Health Information Management professionals and patient safety advocates have long recognized the importance of strong patient identification methodology. With the promotion of data exchange and interoperability fostered by the ONC’s Meaningful Use incentive program, the need to address the gaps in patient identification and matching has gained increased focus across the HIT industry.

Many in the healthcare IT industry[4] (but not all[5]) have advocated for the development of the National Patient Health Identification Number (PHIN) as a panacea for the patient matching challenges. The 1996 Health Insurance Portability and Accountability Act (HIPAA) directed Health and Human Services (HHS) to develop a PHIN to support the legislation’s primary goal of portable and private healthcare records. Funding for this HHS work was withdrawn by Congress in 1998. Quashing of PHIN development was precipitated by privacy rights advocates and libertarians concerned about the undue intrusion on the lives of US citizens and the threat of hacking and identity theft.

In the context of this void, health information exchange organizations, EHR vendors, healthcare delivery organizations, and payers, have developed algorithms, either proprietary or open-source, to perform patient matching. And while patient matching is a cornerstone of contemporary interoperability and data sharing strategies, there is relatively little appreciation for how complex and error-prone the process really is. Moreover, there is insufficient governance or standardization around the data used by these algorithms. In the last year, the ONC convened a patient identification and matching initiative to identify opportunities around this critical area of health information technology.

The fundamentals

Record matching algorithms are often embedded into core systems and are largely assumed to be sufficiently accurate. Before the push to exchange data across disparate systems, that assumption may have been safe. But as regional HIE’s have grown into national players and as vendors have consolidated their customer base, the volumes of patients and records to be matched has grown exponentially. This growth is challenging algorithms that had heretofore functioned well within a local framework or for tightly fused integrated delivery network.[6] One integrated delivery network reported 90% matching within individual instances of a vendor EHR but when matching was attempted across the IDN's 17 different instances of the same vednor's EHR, the accuracy of the patient matching dropped to 50 - 60%.[2] Additionally, our increasingly multicultural and mobile society with fluid names and addresses result in any one patient's demographics changing possibly many times over a lifetime.[3] In a 2015 opinion piece, the author reports that the Harris County, Texas Hospital District’s database contains medical records for close to 2,500 people named Maria Garcia and 231 of them have the same birth date.[7] This example brings the issue of accuracy in patient matching into focus.

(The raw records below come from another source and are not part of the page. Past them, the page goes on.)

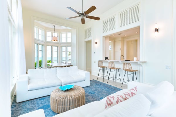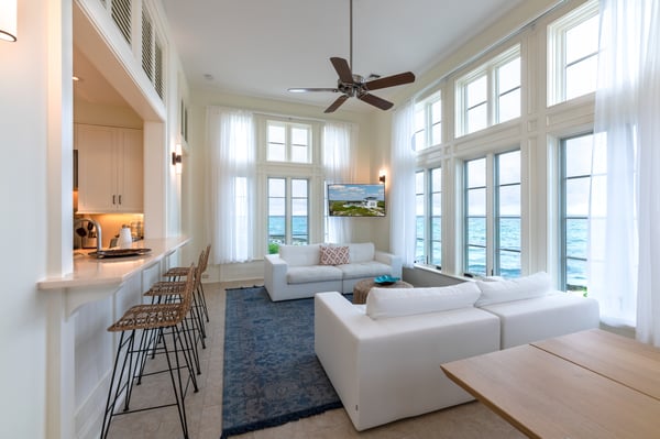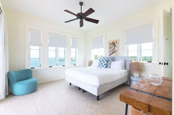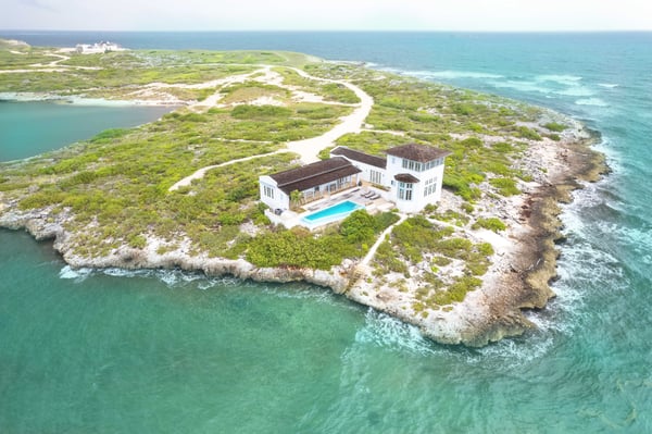 Land's End is an ideal villa for those seeking maximum privacy. Located on Whale Watchers Point, where the Atlantic Ocean meets the Caribbean Sea, this light-house-inspired villa is arguably the most unique home on the island. Secluded and serene, Land’s End offers several distinguishing experiences, including the ability to witness the magical migrations of Humpback whales during the winter months, without leaving ‘home’. It also offers a fully enclosed outdoor living area and the longest heated infinity pool on the cay. As well, guests can glimpse both sunrise and sunset from this luxury villa’s premium location on Ambergris Cay’s southernmost point. The primary bedroom is located on the second floor, at the top of a winding staircase and features wraparound windows that showcase the ocean view. The second and third bedrooms are set alongside the pool and sundeck, and the fourth bedroom, which is set just off the kitchen, offers a private entrance and opens onto the sundeck. Lands’ End is a 5-minute walk from Whale Watchers beach. Calico Restaurant, Monck Beach, Columbus Beach, and the tennis and pickleball courts are 15-20 minutes away by golf cart. The Club House is about a 10-minute golf cart ride. For families or friends travelling together may also consider Dream Pavilion, a luxury villa with a private chef, just 3-minutes from Land’s End by golf cart.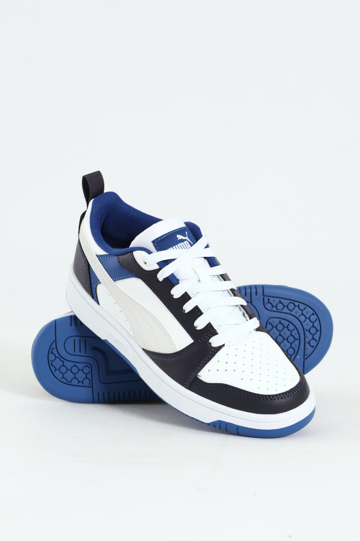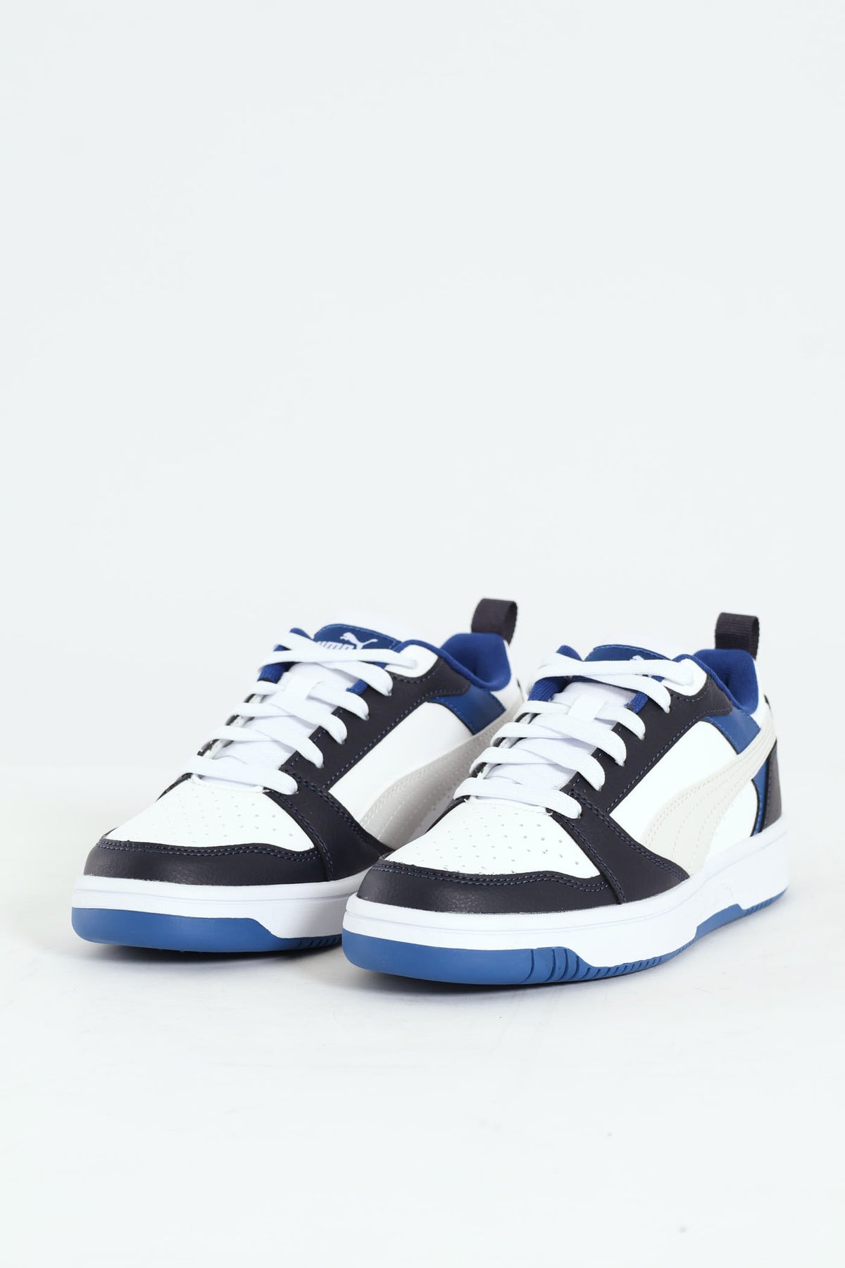 Boys Puma Rebound V6 Low Sneaker - White/Blue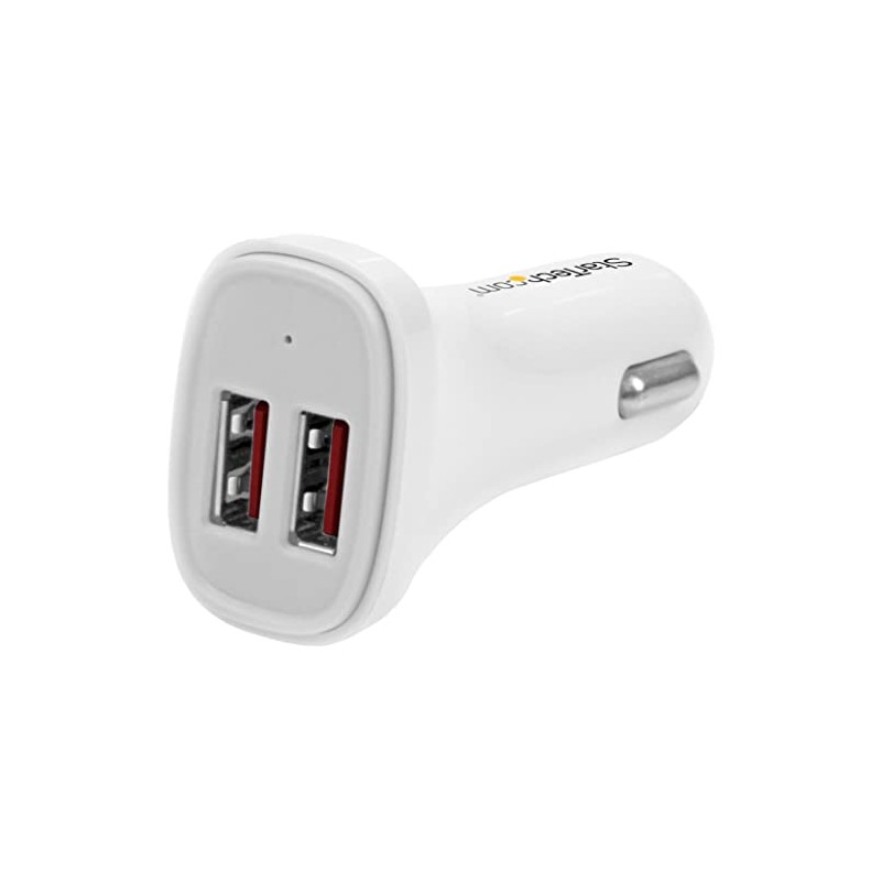 StarTech.com Dual Port USB Car Charger - 24W/4.8 - White - 2 Port USB Car Cha...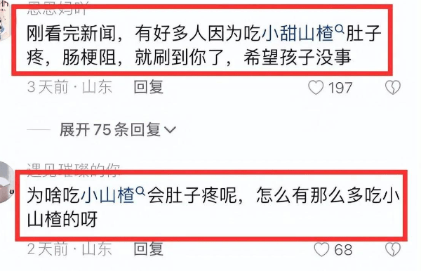 当然了,“山东涛子”对外表示“食物中毒和误食药物的可能性很小”,那么小月月的病因可能不在吃的方面上,而网友们之所以会认为是“小甜山楂”,主要是因为这段时间案例较多!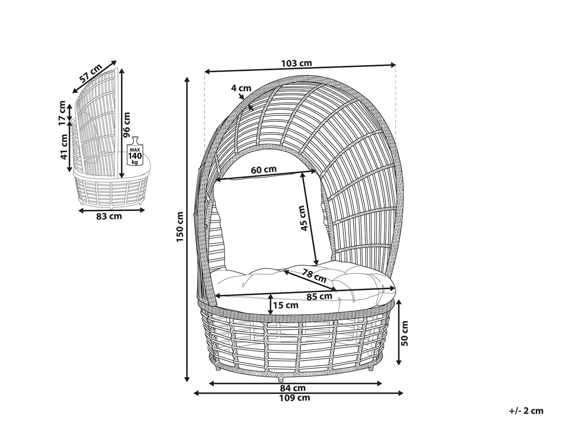 Silla de diseño. Añade elegancia a tu interior con esta silla de diseño elegante. La estructura de metal está recubierta con ratán sintético resistente y duradero. El cojín de asiento y el respaldo alto proporcionan la máxima comodidad. Ideal como alternativa a un sillón de sala estar. Detalles: Tipo de Producto: Sillón Estilo: Boho Color: Beige Tipo de material: Mimbre sintético Material principal: Ratán Material adicional: Metal Material de las patas: Metal Material del asiento: Tejido Composición del Material: 100% Poliéster Apoyabrazo: No Protectores para patas: No Diseño: Sólido Reclinable: No Construcción del asiento: Metal Densidad de espuma del asiento: 25 kg/m3 Dimensiones: Profundidad: 83 cm Espesor del asiento: 15 cm Altura del asiento: 50 cm Ancho: 109 cm Altura: 150 cm Superficie del asiento: 83×85 cm Peso: 25 kg Capacidad de peso: 140 kg La oferta incluye: 1 x Sillón, 1 x Cojín del asiento, 1 x Cojín del respaldo Ventajas: Respaldo alto y asiento muy cómodo, Forma ligeramente curva para un confort óptimo, Elegante pieza decorativa, Material ligero y durable, Resistencia UV 5 (ISO 105-B02 Información de montaje: Requiere montaje parcial. 20-40 min. Información adicional: Ten en cuenta que el producto es sensible a condiciones climáticas adversas, por lo que, cuando no esté en uso, debe ser almacenado en el interior o en un lugar cubierto. Para una mayor estabilidad y seguridad de uso, se recomienda verificar 2 semanas después de la instalación que el montaje del producto ha sido realizado de forma correcta. Revisa, al menos una vez cada 3 meses, que los tornillos estén bien apretados. El producto viene con un libro de cuidados detallado para ayudarte a mantener tus muebles en las mejores condiciones durante muchos años. Consulta estos consejos para garantizar el mantenimiento adecuado de tus muebles nuevos – encontrarás las instrucciones de mantenimiento junto con el manual de montaje. Consejos de mantenimiento: Ratán: 1.Evite la exposición prolongada a la luz solar directa intensa, así como el contacto con la humedad y la lluvia, 2.Limpiar con un paño suave húmedo y secar siempre después, 3.Los muebles deben almacenarse adentro cuando no estén en uso Metal: 1.Los muebles de acero y sus elementos no deben exponerse al agua. De lo contrario, existe la posibilidad de que el agua oxidada salga de las tuberías del marco 2.Cuando no estén en uso, los muebles deben guardarse en el interior o bajo una cubierta protectora 3.Para aumentar la durabilidad del artículo, manténgalo seco y recuerde la limpieza regular 4.Cualquier daño a la capa de pintura exterior debe protegerse de la humedad 5.Para garantizar la protección contra la corrosión, evite los limpiadores alcalinos o ácidos. Después de limpiar, secar bien 6.Quite las tapas protectoras con regularidad para que salga todo el líquido, déjelas secar y utilice un spray anticorrosión si es necesario 7.Limpiar con detergentes suaves.

How does the accuracy of patient matching algorithms impact on key priorities of US HealthCare reform?

Safety and Quality:

Patient matching algorithms dictate the integrity and fidelity of the information contained within any healthcare record. As robust data exchange expands, the implications of mismatched records and missing data jeopardizes the very improvements in safety and quality that data liquidity and portability are intended to foster. While the absence of data during a patient encounter dimishes the efficiency and cost-effectiveness of the care provided, inaccurate or misattributed information has the potential to cause egregious errors. False positive matches result in linking of the wrong patients' records together. False-negative matches result in missing an important linkage between a patient and some part of his or her record.[8]


Overlaid records can result in information being disclosed to the wrong individual or being denied to an individual who has the right to see their own healthcare information.


Remediation of inaccurate patient matching is costly to healthcare organizations and health information exchanges alike. Most organizations employ teams of staff to work error queues of suspected mismatches. The process to rectify record duplication and erroneous merging is labor-intensive and expensive. Matching errors in one organization can replicate exponentially when those same mismatched records are conveyed via HIE to downstream consumers of the data. Organizations report that it costs between $60 - $90 to remediate one incorrect record match.[2] Exacerbating the problem, while most EHR’s accommodate merging records, many do not have an easily support undoing an incorrect merge making that remediation task particularly costly.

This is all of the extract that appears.